The Maintenance of Cleanliness Law determines that operators of waste disposal sites shall pay a landfill levy to a designated fund called the Cleanliness Maintenance Fund. The main purpose of the money accumulated in the fund is to pay for processes of developing, establishing, and increasing the efficiency of alternative means that can replace landfilling and are less environmentally harmful than landfills. The purpose of the levy is to reflect the true price of landfilling, including the costs of land, air pollution, groundwater pollution, etc. In this way, the economic viability of this method will be reduced versus environmentally preferable treatment methods, giving a competitive edge to advanced treatment methods such as recycling and waste-to-energy solutions. The levy is paid by the organ responsible for waste disposal and is not supposed to have any direct impact on the behavior of citizens and households. The landfill levy is paid into the Cleanliness Maintenance Fund, which is managed by the Ministry of Environmental Protection. The money is paid by the municipalities to the waste collection sites and part of it is transferred to the fund by operators of the waste disposal sites9.
The research findings indicate that although Israel’s landfill levy did not rise considerably from 2015 to 2022, but this tariff did increase gradually at a total rate of more than 1,000% from 2007, when the policy of taxing landfilling commenced, to 202210, as shown in Figure 3 below. Nonetheless, the gradual increase in the landfill levy tariff over the years led to a merely moderate decline in the rate of municipal landfilling in Israel, which remained nearly double the average rate in OECD countries, as stated.

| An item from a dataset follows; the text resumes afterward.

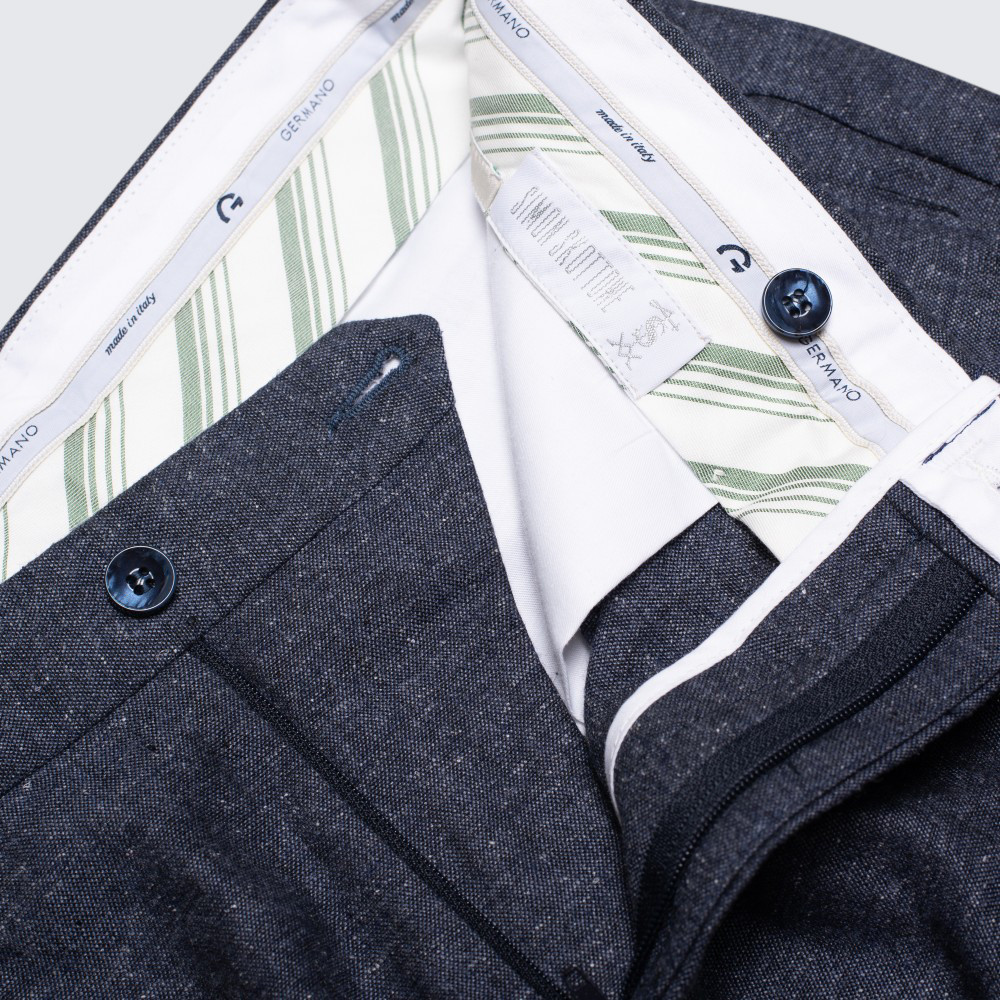 A Simon Skottowe nadrág kollekciót kizárólag Olaszország egyik legnevesebb nadrág manufaktúrájában gyártják. A divat iránti tisztelgésként ez a vonal a klasszikus stílusra és szövetekre épül, mely könnyen párosítható mind méretre szabott zakóval, mind az üzletünkben található egyéb termékekkel. Bővebb információkért kérjük, olvassa el a márkaleírást!

3.2.1.2. Landfill Entrance Fees and Waste Transportation Costs

Landfills in Israel are owned by municipalities, conurbations, and private companies. Some private companies also own subsidiaries that operate other parts of the waste management chain (such as transit points and waste disposal contractors for transporting the waste to areas outside the town). In addition to the landfill levy, landfill operators also charge an entrance fee for operating the sites, for the service, and for the treatment they provide. To reduce costs, municipalities prefer to transport the waste for disposal to the site nearest them. Municipalities located in the vicinity of landfill sites send their garbage trucks directly to the site, while those more distant from these sites transport the waste to transit points.
The State Comptroller’s report from 2022, which addressed this issue,11 raised several problems with which municipalities must contend in the context of the various landfill sites. These problems include entrance fees that are not uniform for all clients12, the refusal of landfill sites to accept waste due to the shortage of land for this purpose, and limitations related to activity hours at the sites. As a result of these limitations, municipalities are compelled to transport their waste to more distant landfills that charge at times high entrance fees. In these cases, the municipalities must also compensate their waste disposal contractors for higher travel expenses and longer work hours required to provide the service to the municipality at the expense of completing additional rounds, which raises the waste disposal costs of the municipalities. This state of affairs is evidence that Israel’s landfill industry is highly centralized, as manifested in the limited number of those engaged in this field and the low degree of competition between the different landfills (State Comptroller, 2022). Accordingly, the State Comptroller report for 2022 includes a proposal for operating against the centralization in the industry and enhancing supervision of landfilling prices.
Hence, it seems that although the landfilling alternative in Israel involves multiple costs for municipalities (high landfill levies and growing transportation costs) and has considerable faults (a centralized market and nonuniform and unsupervised entrance fees to landfill sites), this alternative is still considered cheaper than other waste management methods. Therefore, so long as dumping is relatively cheap and easily available it will be hard to establish alternative and more advanced waste management facilities in this market.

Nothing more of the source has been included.